Let’s understand one thing: Salvation is a redemption paid by Christ for the penalty of your sin and my sin. And the primary benefit is that a hell-doomed sinner is now going to heaven because Jesus died in his stead, and the Holy Spirit has brought conviction of sin into his heart and life while he was still “dead in trespasses and sins” (Ephesians 2:1).

 If you go back as far as Job, which would take you back probably to the time of Moses or even to Abraham, you will find that he illustrates this truth by a great law of physics:

Yet man is born unto trouble, as the sparks fly upward. (Job 5:7)

According to the laws of aerodynamics, because of the heat being generated, sparks will fly upward. Just as that is true, man must experience troubles. We will face trouble in this world.  David wrote:

Many are the afflictions of the righteous; but the LORD delivereth him out of them all. (Psalm 34:19)

And actually the Lord Jesus told His own (sometimes I think we forget Scriptures like this):  These things I have spoken unto you, that in me ye might have peace. In the world ye shall have tribulation: but be of good cheer; I have overcome the world. (John 16:33)

Paul likewise makes the dogmatic assertion:

Yea, and all that will live godly in Christ Jesus shall suffer persecution. (2 Timothy 3:12)

There is no if, and, but, or perhaps about that at all. It is an axiom of Scripture that God’s children suffer.  God’s child is not promised that he will escape pain, disappointment, and sorrow in this life.

Thru The Bible by Dr. J. Vernon McGee


Friday, July 8, 2011

Lilias Trotter

Lilias Trotter was born in London in 1853, seventh child of a businessman.  She was tall and slender with large brown eyes, an active and orderly mind, and "a quality of selflessness which gave her a peculiar charm."  When she was twenty-three she met John Ruskin in Venice, who recognized her gift for painting and offered to give her lessons.  "She seemed to learn everything the instant she was shown it, "he wrote," and ever so much more than she was taught."  But her heart was elsewhere.  She had put herself, her gifts, her life at God's disposal, so it was a great disappointment to Ruskin and a surprise to others when she decided to give herself to missionary work.  She was criticized and even ostracized, but her enthusiasm was fed, not quenched, by scorn.

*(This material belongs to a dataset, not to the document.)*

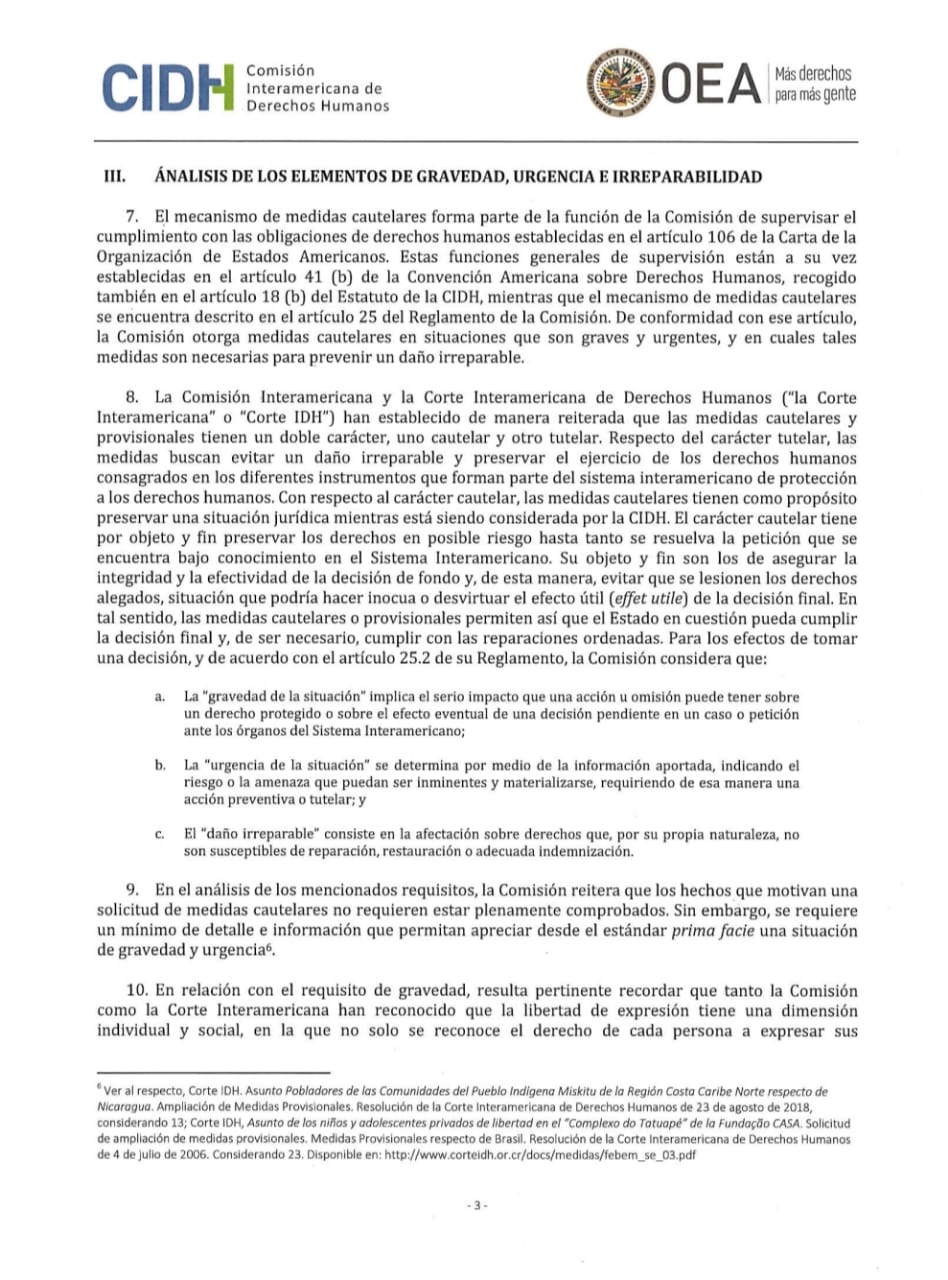 En el numeral 22 de la resolución resalta que, de acuerdo con el artículo 25 (8) de su Reglamento, el otorgamiento de la presente medida cautelar y su adopción por el Estado no constituyen prejuzgamiento sobre violación alguna a los derechos protegidos en la Convención Americana de los Derechos y Deberes del Hombre y otros instrumentos aplicables.

For some reason, North Africa awakened strange vibrations in her soul.  She heard what she believed was God's specific call, and in 1888 landed in Algiers, where she spent the rest of her life.  She was the founder of the Algiers Mission Band which later merged with the North Africa Mission.  She died in 1928.

She found in the plant life of the deserts the fundamental principle of existence-- that death is the gateway to life-- exhibited in a thousand ways, and painted them with her brush and watercolors.  Who is to say she was a fool for turning her back on home, the possibilities of marriage and perhaps an artists career (these, after all, were certainly God's good gifts)?  The last of her water colors in Parables of the Cross is that of the wood sorrel, springing from an apparently useless little pile of twigs and dead leaves.   She writes, "God may use ... the things that He has wrought in us, for the blessings of souls unknown to us:  as these twigs and leaves of bygone years whose individuality is forgotten, pass on vitality still to the newborn wood sorrel.  God only knows the endless possibilities that lie folded in each one of us!

A Path Through Suffering by Elisabeth Elliot

Friday, July 1, 2011

Jesus' Suffering

The words which have the deepest understanding of suffering are Jesus' own, "In truth, in very truth I tell you, a grain of wheat remains a solitary grain unless it falls into the ground and dies; but if it dies, it bears a rich harvest."  This, He told His disciples, was the key.  There is a necessary link between suffering and glory.